By: Adrian Chester Inojales

Both students and faculty of Ateneo de Davao University’s School of Nursing (SoN) vented their frustrations as their hopes were dashed with President Benigno Aquino III vetoing the Comprehensive Nursing Law of 2016 last June 16.

The Comprehensive Nursing Law of 2016 traces itself as a combination of consolidated House Bill No. 6411 and Senate Bill No. 2720 which seeks to raise the professional standard of nurses in the Philippines as an improved version of Republic Act No. 9163 or the Philippine Nursing Act of 2002.

And yet confused, disappointed

To Yves Angelo Espino, a 3rd Year nursing student, he does not seem to understand why the bill was vetoed at the first place when it would greatly help nurses in the Philippines to be actually paid for their worth and at the same time, their efforts at work.

Espino praises his counterparts, the professional nurses, saying that they are resourceful, respectful, and respectable, and who treat their patients with quality care as if the patients were their own family or loved one.

Espino adds that he does not understand why would Aquino reject and veto the bill that he thinks has the best interests of nurses at heart while Joseph Dayot is also disappointed, saying that “. . . being a nurse is one of the most difficult yet underestimated professions.”

Dayot argues his choice of course “. . . is not just a profession. It is a calling.” He also says that doing rounds with patients for almost eight hours everyday and not getting compensated properly for it clearly shows that the Aquino does not command enough knowledge to see how difficult and challenging it is to be nurse.

“The salary should be increased or else, all the nurses might go abroad and we’ll have a Philippines left with none,” Dayot further warns.


The faculty of the School of Nursng did not even bother to have reservations in being outspoken against Aquino’s veto.

Hazel Facundo, a faculty of the said department saw the veto as an “inhumane act”, commenting that the lack of a salary hike adds more weight and burden to nurses around the country.

She also warns the same situation as described by Dayot, saying that, “It gives us a good justification to go abroad and to seek for higher salaries.”

Another side of the coin

Presidential Communications Operations Office Secretary Herminio Coloma Jr., in a press conference after Aquino’s veto, said the government is simply ensuring that it is being fair to all workers and that the nurses’ appeal for higher wages, along with teachers and other employees, had been addressed through performance-based compensation.

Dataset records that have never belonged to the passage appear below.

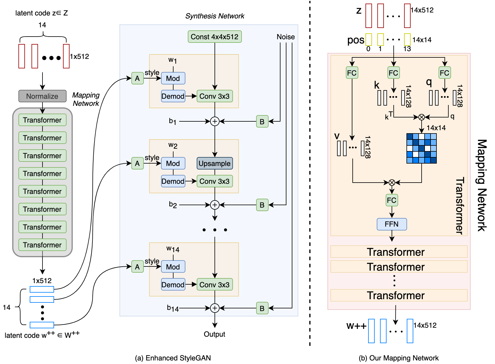 (a) Model overview. While the original StyleGAN feeds the same style code to each convolution layer, we redesign the architecture of the StyleGAN mapping network using Transformer so that different style codes are provided to different layers. We illustrate the structure for resolution at 256x256.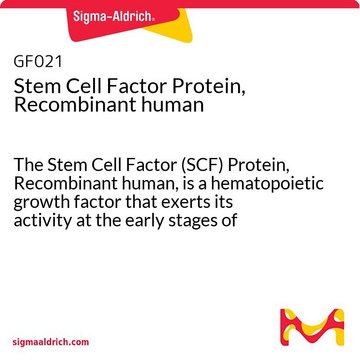 Stem Cell Factor (SCF) is a hematopoietic growth factor that exerts its activity at the early stages of hematopoiesis. SCF stimulates the proliferation of myeloid, erythroid, and lymphoid progenitors in bone marrow cultures and has been shown to act synergistically with colony stimulating factors. Recombinant human SCF is an 18.4 kDa protein containing 165 amino acid residues corresponding to the soluble secreted form of SCF.
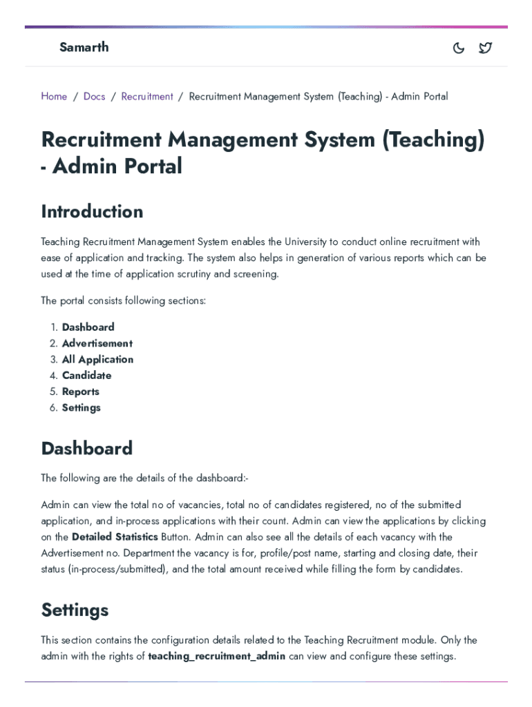 Smart Home / Docs / Recruitment / Recruitment Management System (Teaching) Admin PortalRecruitment Management System (Teaching) Admin Portal Introduction Teaching Recruitment Management System enables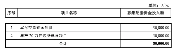 科迪乳業(yè)擬向不超過(guò) 10 名符合條件的特定投資者非公開(kāi)發(fā)行股份募集配套資金,本次募集配套資金總額不超過(guò)8億元。擬用于支付本次交易現(xiàn)金對(duì)價(jià)和年產(chǎn) 20 萬(wàn)噸烤腸建設(shè)項(xiàng)目。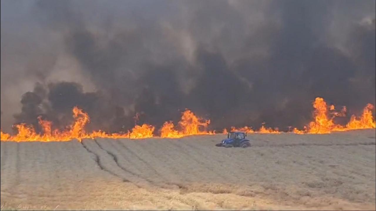 Diyarbakır'da çıkan yangında, 100 dönüm buğday ekili arazi yandı. Ekiplerin müdahale ettiği yangın, cep telefonu kamerasına yansıdı.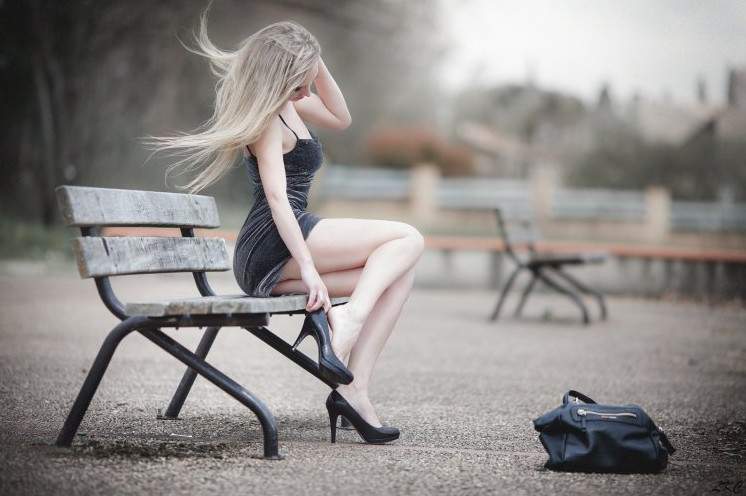 Блондиночка на каблуках.

Aquino further argued in his veto message that the base pay for entry level was already increased through Executive Order No. 201, series of 2016 which guaranteed their total annual compensation from P228,924 or P19,077 per month to P344,074 or P28,672.83 per month.

A medical worker exodus 

On the other hand, data from the Philippine Overseas Employment Administration (POEA) showed that since 2012, there had already been a steady increase of Filipino nurses deploying themselves to foreign destinations in search of higher paying medical jobs.

POEA’s data showed that the deployment of Filipino nurses abroad continued to rise from 15,655 in 2012, 16,44 in 2013, and 19,815 in 2014.

POEA attributes its numbers due to Filipino medical workers are in demand in countries in the Middle East as well they have been long been popular work destinations for Overseas Filipino Workers (OFWs).

The exodus of valuable medical know-how has led the Department of Health (DOH) and other medical experts and think-tanks to conclude that it is one of the deciding factors which prevents the government from fully implementing its Universal Healthcare program.